- Movie poster
- Croatian: Duh u močvari
- Directed by: Branko Ištvančić
- Written by: Edi Mužina Silvio Mirošničenko
- Based on: Duh u močvari by Anto Gardaš
- Starring: Ivo Gregurević Dejan Aćimović Marko Pavlov
- Music by: Dalibor Grubačević
- Distributed by: Croatian Radiotelevision
- Release date: 25 June 2006 (Međunarodni Dječji Festival);
- Running time: 90 minutes
- Country: Croatia
- Language: Croatian

= The Ghost in the Swamp =

The Ghost in the Swamp (Duh u močvari) is a 2006 film directed by Branko Ištvančić, based on the book Duh u močvari by Anto Gardaš. The film premiered at the 2006 Međunarodni Dječji Festival in Šibenik.

==Plot==

After Liptus arrives in a small village from the city, he calls his best friends, Miron and Melita, on winter holidays in Kopačevo. That same night, while they are all sleeping cozily, from their deep sleep Miron and Melita are woken by the disturbing sounds of villagers, carrying flares and disappearing into the darkness at the end of the street. At the docks, they find Halasz, a boy known for his bravery. He is cold, pale from shock, and babbling a white ghost. While most of the villagers don't believe Halasz's story, older citizens recall a long time ago when a forgotten spirit would scare people at night in dark and foggy swamps. Everyone locks themselves in their houses and Halasz ends up in a hospital where the doctors can't help him.
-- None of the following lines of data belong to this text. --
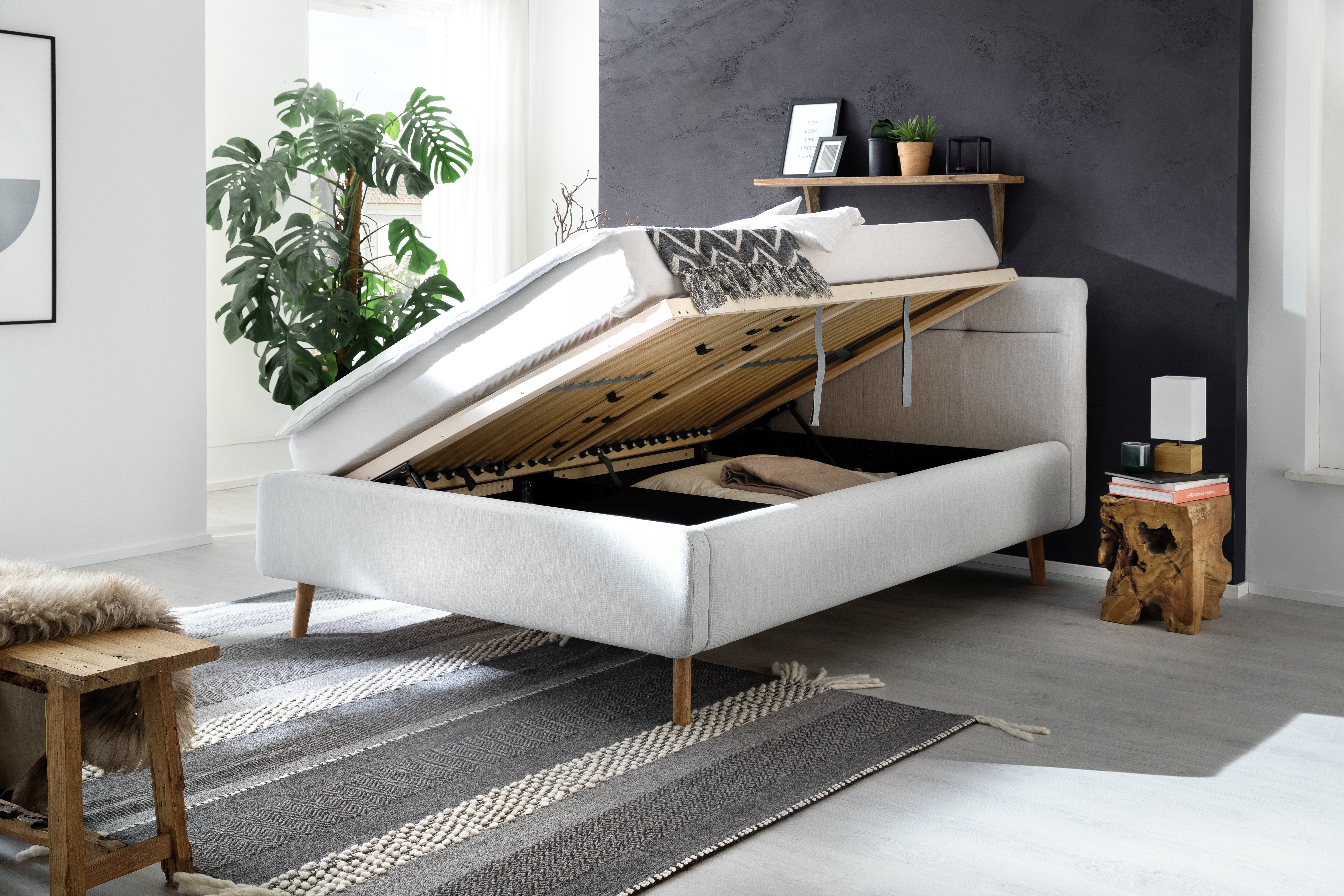Inclus : coffre de lit avec aération et sommiers à lattes en bois multiplis avec ouverture latérale
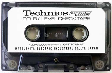 録音するテープの冒頭部分に400Hzの単信号(正弦波のことか?)を数秒間録音する。 この時、レベルメーターが「CAL」を指すよう、録音レベル調整ツマミで調整する。 と、取扱説明書には記載されているのだが、実は本製品に400Hzの発信器は内蔵されていない(笑)。 では、どうするのかというと、取扱説明書の記載を転記すると、 「 400Hzの信号源を得るには次の方法があります。 a. 発信器を用いる。 b. 付属のレベル調整用テープを他のカセットテープレコーダーにかけ、それを録音する。 c. マイクロホンを用い、「アー」「イー」などの発声や笛などを鳴らして録音する。 」 ・・・・・。 「a.」は極めて常識的方法だが、残念ながらTechnicsやナショナルから本製品用の発信器は発売されておらず、一般的なユーザーとしては「発信器」とやらをどうやって入手したらよいのか困惑するばかりだろう。 「b.」の「付属のレベル調整用テープ」とは下の写真のものである。この方法では、別途カセットテレコかデッキが必要となるが、最も現実的な方法かもしれない。 「c.」は「冗談か??」と思わせるような記述だが、実際に取説に記載されているのである。 |
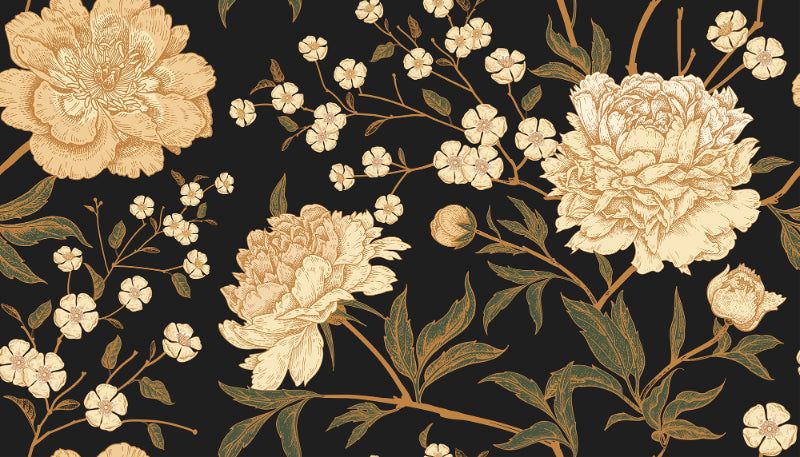 Moody floral wallpaper with lush peonies
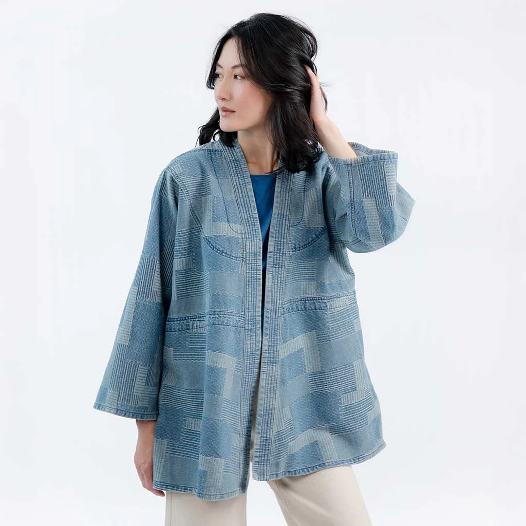 Patchwork Kimono Jacket (No. J8726) made from 100% cotton patchwork jacquard. Interesting yoke detail. Alluring side slits. We designed this kimono jacket with you in mind. Imported.
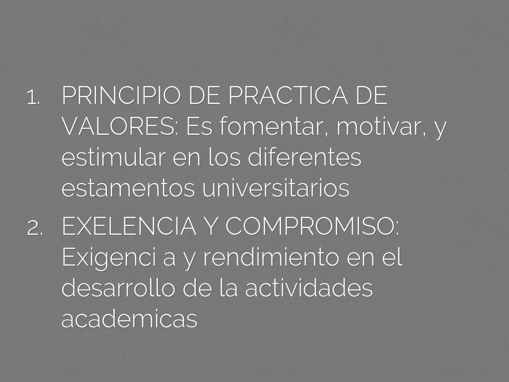 PRINCIPIO DE PRACTICA DE VALORES: Es fomentar, motivar, y estimular en los diferentes estamentos universitarios.
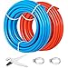 【RELIABLE PEX MATERIAL】- Amount: 2 rolls; Color: Red / Blue; Nominal Diameter: 1/2"; Total Length: 100ft. Made of excellent PEX material, this non-barrier PEX pipe is non-toxic, maintenance-free, and anti-aging. Fit for potable water or radiant floor water projects and keep quick & uninterrupted hot/cold water flows.
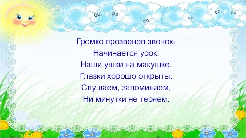 Громко прозвенел звонок-Начинается урок. Наши ушки на макушке.Глазки хорошо открыты.Слушаем, запоминаем,Ни минутки не теряем.

Miron, Liptus, and Melita, now alone, take matters into their own hands, revealing the secret of the ghost and saving their friend.

==Cast==

- Ivo Gregurević as Vučević
- Dejan Aćimović as Levay
- Marko Pavlov as Miron
- Ena Ikica as Melita
- Robert Váss as Liptus
- Vlatko Dulić as Farkaš
- Mladen Vulić as Kovačević

==Music==

The film's soundtrack was composed by Dalibor Grubačević. It was distributed under Croatia Records 10 October 2006.